JUDGEMENT
MANCHANDA, J. -
(1.)THIS is a case stated under section 66 (1) of the Income-tax Act, 1922, hereinafter referred to as the Act. The question referred is :
Whether, on the facts and in the circumstances of the case, the sum of Rs. 4,796 paid to the Regional Provident Fund Commissioner is an allowable deduction in the accounts for the assessment year 1961-62 ?

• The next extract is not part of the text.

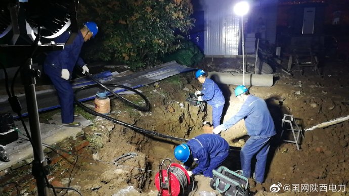 10月27日晚,在漢中中學內(nèi)部教職工宿舍樓基建施工現(xiàn)場,應施工不當造成校內(nèi)630KVA箱變電纜被施工機械挖斷。國網(wǎng)漢中供電公司接到故障報修后迅速組織搶修人員和物資,并派出保電車輛為校內(nèi)提供安全用電保障,電力小哥們?nèi)ν度霌屝薰ぷ?。?jīng)過三個小時的緊張搶修圓滿完成了復電任務,保證了該校師生周一的正常教學用電無恙。

(2.)THE material facts are these. THE assessee is a limited company. THE relevant assessment year is 1961-62, the previous year being the period, April 1, 1960, to March 31, 1961. For the relevant assessment year, the assessee claimed an allowance of Rs. 4,796, being the contribution made by it under the Employees Provident Funds Act (19 of 1952) in respect of the period, 18th April, 1956, to November, 1958. THE amount was disallowed on the ground that it was not an expenditure incurred in the relevant year. THE assessee went up in appeal and contended that it was only in the relevant accounting year that the assessee, as an employer, was compelled to make the contribution by an order of the Regional Provident Fund Commissioner constituted under Act 19 of 1952. THE Appellate Assistant Commissioner, however, held that the liability arose from the 18th April, 1956, onwards and the amount should have been claimed in the earlier assessment years.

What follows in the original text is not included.